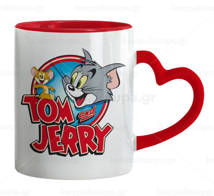 Tom and Jerry, Mug heart red handle, ceramic, 330ml
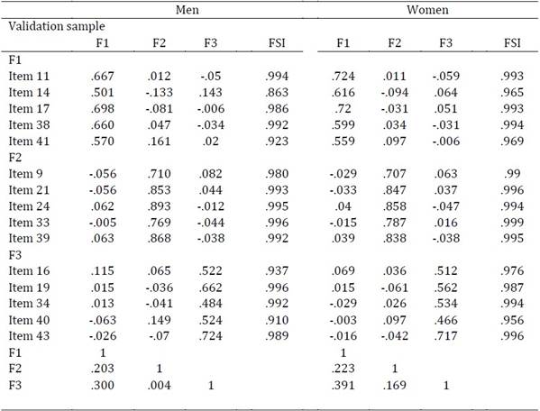Regarding the ESEM analysis, the ESCQ-T15 showed good fit indices for both men and women in the validation and replication samples (Table 1). Specifically, acceptable factor loadings are also observed for all items (short version) and an acceptable degree of factor complexity and significant interfactor correlations between dimensions in all groups (Appendix B, Table B1). These results empirically support specific hypotheses 1.1 and 1.2.
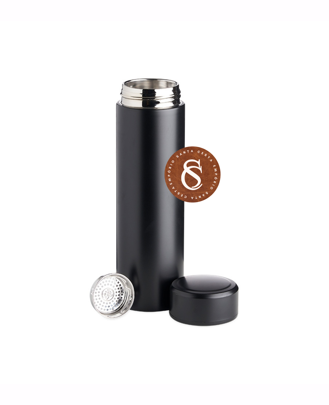 Garrafa térmica 500ml feita em aço inoxidável 304, acompanha infusor de bebidas.
######
# TASK BRIEF
Your task is to repeat the material above exactly, without its pictures.

# THE COMPLETED TASK
 Tom and Jerry, Mug heart red handle, ceramic, 330ml
Regarding the ESEM analysis, the ESCQ-T15 showed good fit indices for both men and women in the validation and replication samples (Table 1). Specifically, acceptable factor loadings are also observed for all items (short version) and an acceptable degree of factor complexity and significant interfactor correlations between dimensions in all groups (Appendix B, Table B1). These results empirically support specific hypotheses 1.1 and 1.2.
 Garrafa térmica 500ml feita em aço inoxidável 304, acompanha infusor de bebidas.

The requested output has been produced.